Strong leadership, in the sense of concentrating maximal power in the hands of one person, is far from being identical with good leadership. There are only 24 hours in the day of even the strongest leader. The more that person tries to do individually, the less time he or she has to weigh the evidence and gain an understanding of the complexity and nuances of each issue. The self-consciously strong leader is often tempted to demonstrate strength by coming to quick decisions. Even in a crisis, however, it is often possible to take time and to listen to the widest range of opinion, before reaching a conclusion.
If President John F. Kennedy had come to a quick decision when the Cuban missile crisis broke in 1962, the world might well have been engulfed in catastrophic nuclear war. From the outset, the Joint Chiefs of Staff advocated a comprehensive military strike on Cuba. Wiser counsels eventually prevailed. It was only decades later that the United States discovered what the likely consequences would have been of accepting the military advice. They learned that there already were tactical nuclear weapons in Cuba for use against the United States in the event of an invasion and, moreover, that Soviet ships approaching Cuba had submarine escorts with commanders authorized to fire nuclear torpedoes at U.S. targets without awaiting authorization from Moscow.
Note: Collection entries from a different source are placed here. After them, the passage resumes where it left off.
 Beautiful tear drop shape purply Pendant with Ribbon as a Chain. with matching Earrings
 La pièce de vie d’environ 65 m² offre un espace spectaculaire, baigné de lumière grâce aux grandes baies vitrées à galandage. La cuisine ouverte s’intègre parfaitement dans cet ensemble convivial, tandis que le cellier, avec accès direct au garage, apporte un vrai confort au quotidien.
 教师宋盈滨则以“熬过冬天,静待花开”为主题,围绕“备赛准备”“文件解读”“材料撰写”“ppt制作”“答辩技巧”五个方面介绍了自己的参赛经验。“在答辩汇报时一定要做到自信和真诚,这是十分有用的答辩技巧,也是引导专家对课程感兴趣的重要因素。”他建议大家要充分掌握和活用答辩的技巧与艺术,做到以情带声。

Nothing is more important than that an administration should contain people of independent political standing, of great and varied experience, and that within the government they should not engage in self-censorship, adjusting their advice to the perceived predilections of the top leader. They should be prepared to subject his conclusions to serious scrutiny and to provide counter-arguments. No president or prime minister in a democracy was ever selected because he or she was believed to have a monopoly of wisdom. A democracy worthy of the name has many leaders, not one.
A leader — in a democracy as well as an authoritarian regime — who tries to monopolize power will certainly do more harm than good. Far more valuable qualities of a head of government than “strength” in that sense include integrity, intelligence, collegiality, a questioning mind, willingness to seek disparate views, ability to absorb information, empathy, good memory, flexibility, courage, and (if we are lucky) vision. Those who possess that last quality eschew chauvinistic bravado and never confuse the long-term interests of their country with what may play well in the media (social and not) today.
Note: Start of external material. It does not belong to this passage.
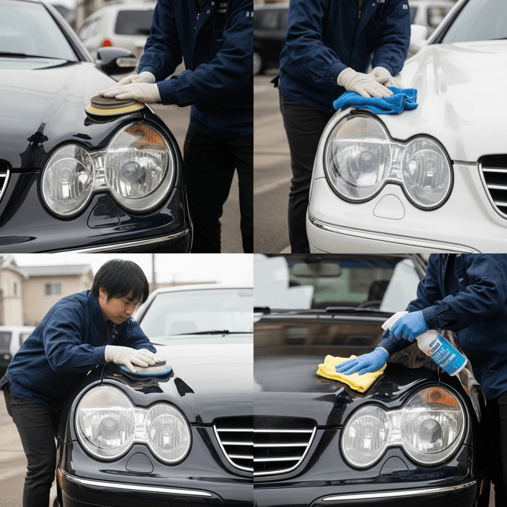 CLKクラスはヘッドライトの黄ばみとボディの鉄粉が第一印象を損ねます。研磨+鉄粉除去クリーナー+ワックスで輝きを取り戻せば「程度良好」と判断され+4~7万円の効果。

While governments collectively are not immune from making foolish and damaging decisions, the likelihood of calamitously bad decision-making is substantially greater under unconstrained, or only weakly constrained, personal rule. A president should not only be subject to the rule of law, but also feel the need to persuade governmental colleagues rather than foreclose the discussion by pulling rank. To pine for one-person dominance and to believe in the efficacy of such leadership is worship of a false god. Rather than succumb to the fanciful allure of the strong leader, we would do well to relearn the advantages of a more collegial, collective and dispersed leadership.